Visiting the pharmacy is not a one-time event. Patients have different needs at each point along the way, affected by medication, age, and a variety of other factors. Patients with chronic diseases often continue to cope with a few minor symptoms, particularly at the beginning of a new treatment option. Therefore, the pharmacy can be a vehicle for driving patients to other resources such as a comprehensive disease website or online tools to help manage the disease burden.
Build Customer Awareness at the Pharmacy Level
With shrinking budgets and increased scrutiny of traditional DTC advertising, marketing tactics need to be more targeted, more effective, and less expensive. Specialty pharma marketers in particular are tasked with learning about the people taking their products, and that includes uncovering their needs. Who can clearly define patient needs and wants better than the patient himself?
Listening to patients can help marketers identify the best messaging approach before creating a branded shelf aid in the pharmacy or creating a magazine advertisement. Targeted products for specific populations, like RA for example, require a targeted marketing plan even though the number of patients affected by the disease is large. In some cases, the patient pool prescribed specialty medications is quite small which requires a more focused messaging approach.

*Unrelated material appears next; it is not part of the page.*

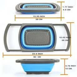 - [FLEXIBLE USE – ADJUSTABLE]: This nifty over the sink strainer is your hands-free solution for rinsing, draining, and drying. Its flexible design expands 15.35 to 23.6 inches, allowing you to easily adjust to your sink size! Use in the raised position as an over sink strainer or quickly switch back to the smaller collapsible colander size to drain within your sink or save space for storage.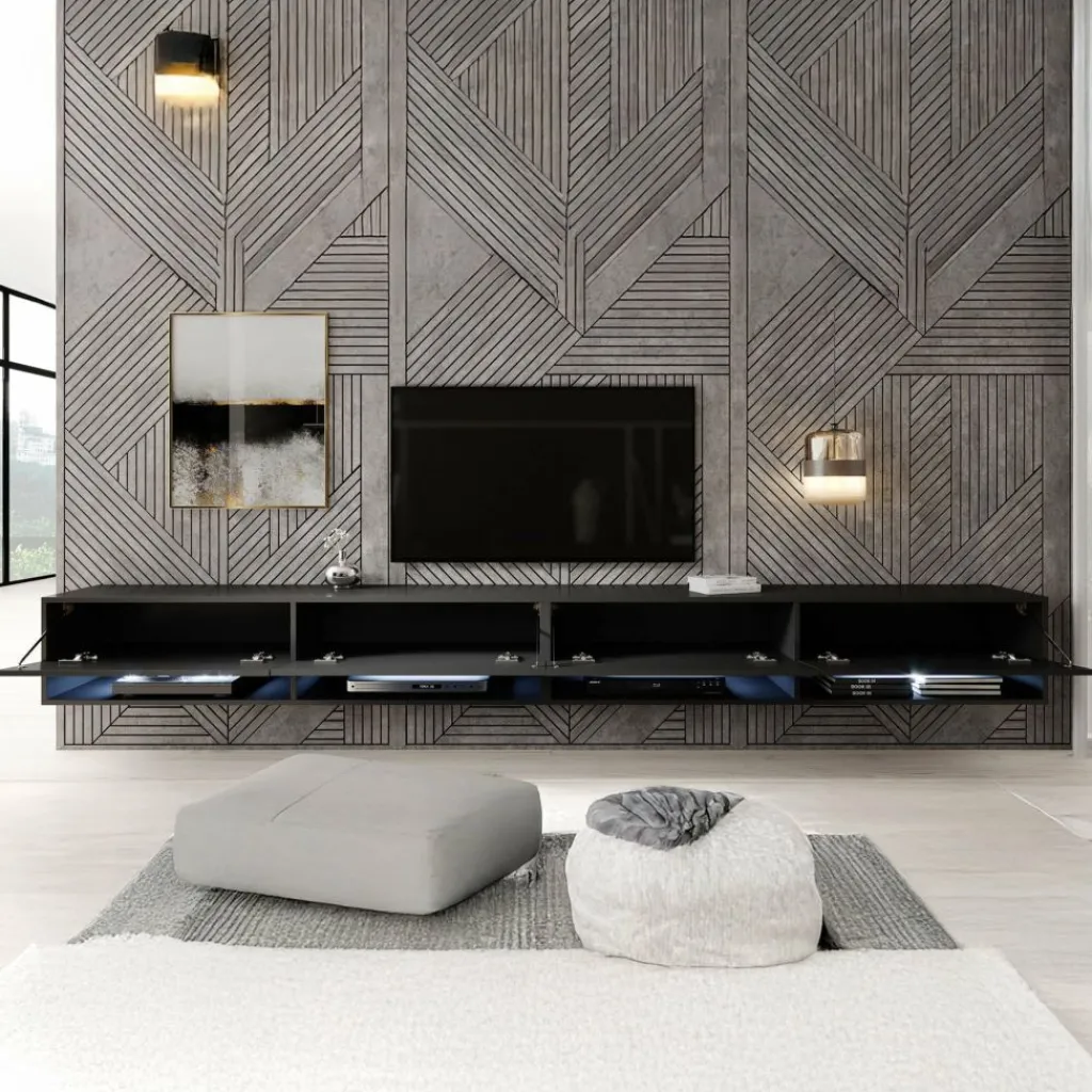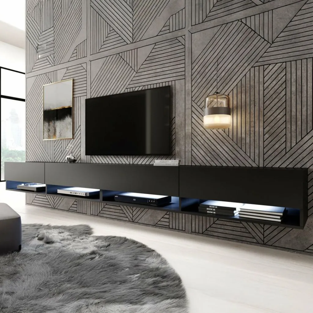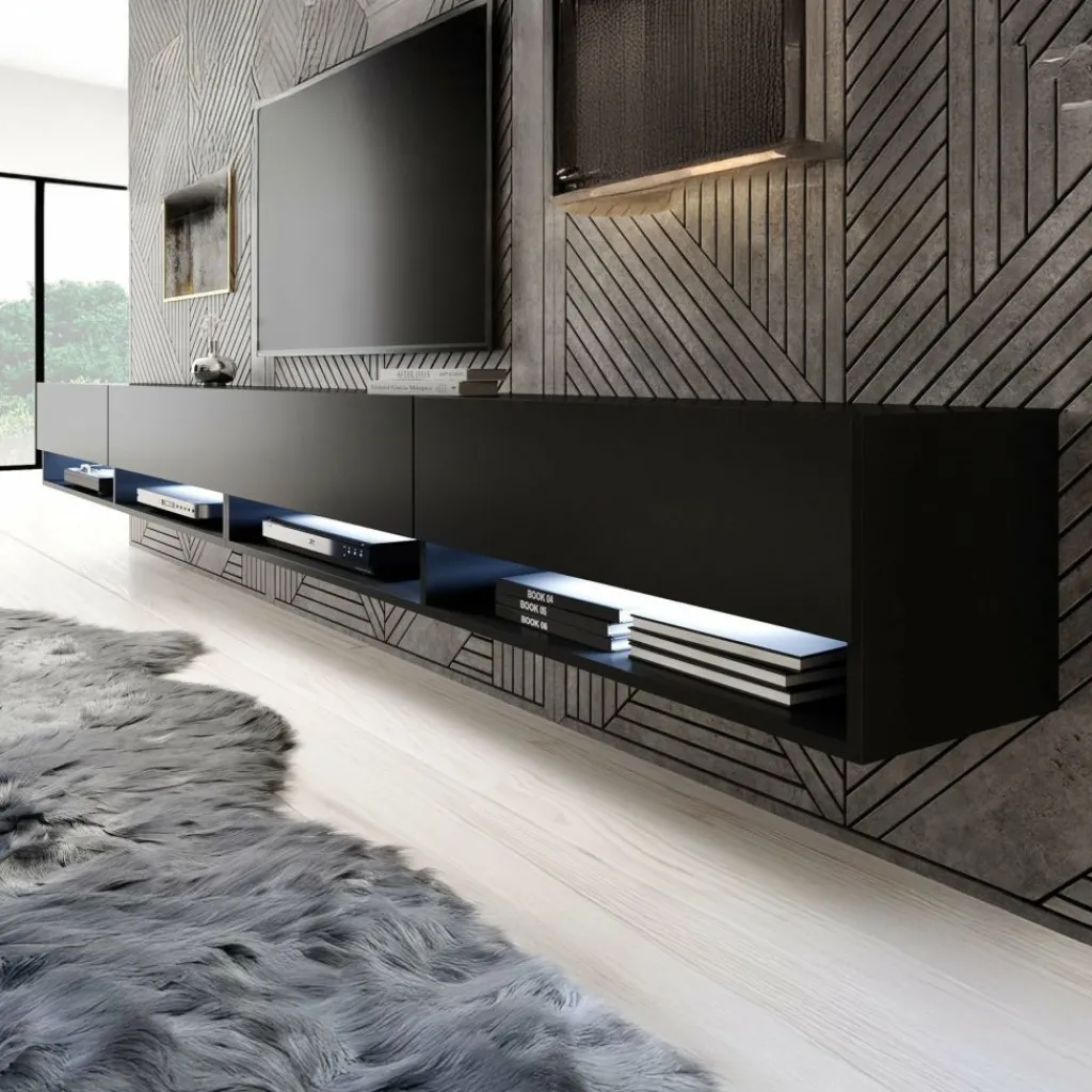 Het tv-meubel Asino is aan de muur op te hangen. Toch liever een staand model? Dat kan ook, door eenvoudig de bijgeleverde pootjes te monteren onder het meubel. De pootjes zijn zilverkleurig, gemaakt van kunststof en hebben een hoogte van 2 cm.

Patients rely on specialty pharmacies to dispense specialty medications; however, the same patients are also regularly stopping by retail pharmacies. In fact, these patients may spend even more time in drugstore aisles than the average consumer. It’s a moment in time when the patients have their own health concerns – and likely that of a child, parent, or spouse as well – top of mind.

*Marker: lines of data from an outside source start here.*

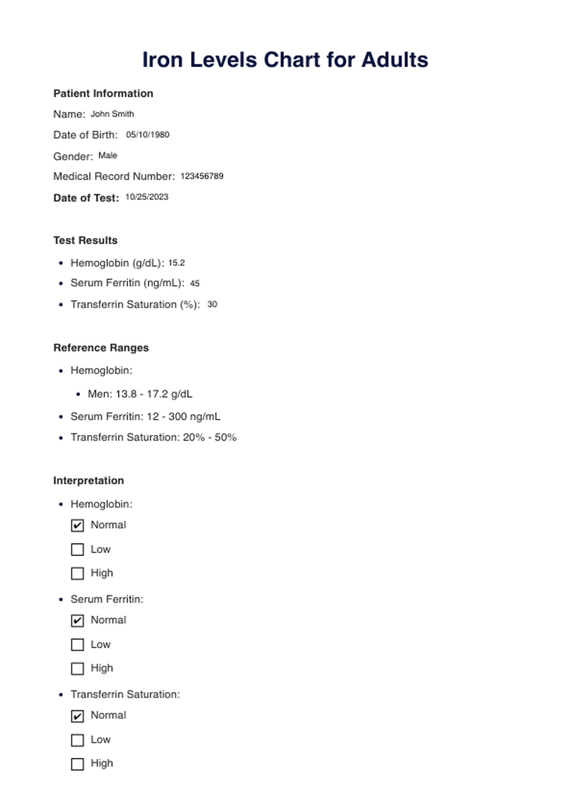 Download an Iron Levels Chart for adults - a comprehensive tool for tracking and interpreting iron-related test results. Ensure optimal iron health.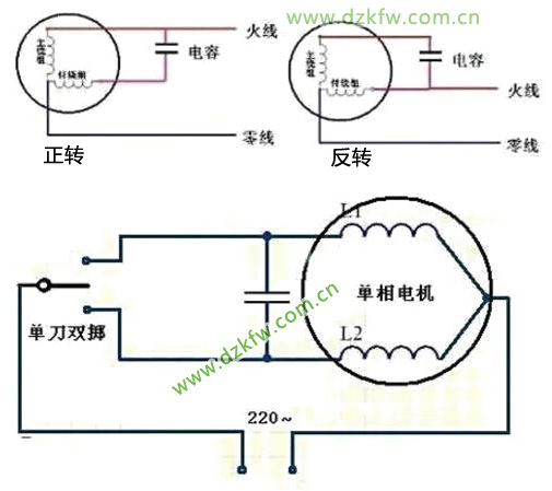4、上圖為改220單相電機的正反轉控制圖,由于主繞組與副繞組的匝數、漆包線的截面都一樣,正反轉時只是將它們之間靈活切換,故非常方便。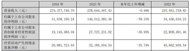 2024年,公司实现营业收入2.75亿元,同比减少0.96%;归属于上市公司股东的净利润3163.82万元,同比减少78.33%;归属于上市公司股东的扣除非经常性损益的净利润1914.55万元,同比减少30.95%;经营活动产生的现金流量净额2068.17万元,同比减少35.74%。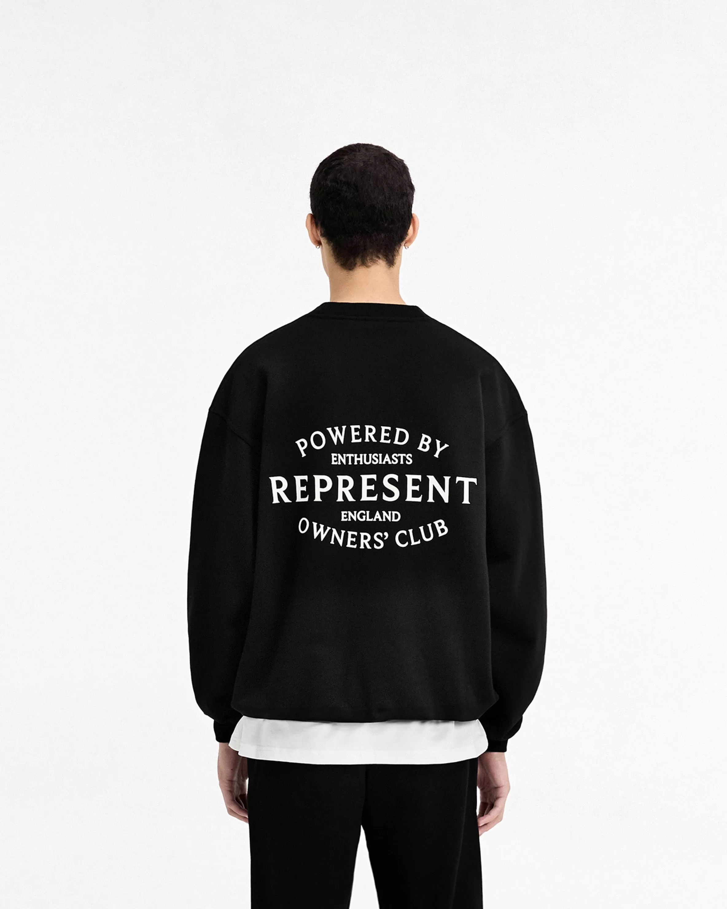 Introducing the Represent Owners’ Club Stamp Sweater in Jet Black, a clean and refreshed take on the classic Owners’ Club Sweater. Crafted from a heavy weight jersey cotton, with a slightly oversized fit, the sweater has a ribbed collar, hem and cuffs. It has our Represent metal bar logo to the hem, finished with our high build screen printed Stamp Owners’ Club branding to the chest and back. Jet Black Sweater Slightly Oversized Fit Ribbed Hem, Collar u0026amp; Cuffs High Build Branding Metal Bar Logo Composition: 100% Cotton480gsm Model is 187cm and 77kg wearing size MProduct

The pharmacy is an appropriate setting to deliver strong messages to patients while they’re looking to improve their health. Drugstore aisles are a proven platform to reach patients with targeted and specific information that helps establish a close link and provide the support needed. In-store campaigns can also open the door to other media channels, driving the patient to continue the brand experience. Integrated programs that include multiple touchpoints such as mobile and internet reinforce messaging found in store aisles.
The Next Powerful Patient Story Awaits
Marketers hope the messages they develop motivate patients to take action. Some patients may respond positively to information about how a newly marketed product differs from those that have been available for years. Another patient type may want to be informed in order to open a conversation with a pharmacist or physician. The communication’s value and credibility increases exponentially by having a healthcare professional available in-store. Patients can easily discuss questions and concerns with a pharmacist and in some cases, a nurse practitioner or physician assistant.
We’ve all heard of the cardiologist who has an epiphany about what a patient truly needs once he himself has had to endure triple bypass surgery. When patients share real-life experiences of their diagnoses, it’s the closet way to feel their pain and see their struggle without actually having the disease ourselves. Keeping real-life patient stories in mind can elevate a marketing campaign’s effectiveness and ensure the product and patient develop a genuine and worthy connection.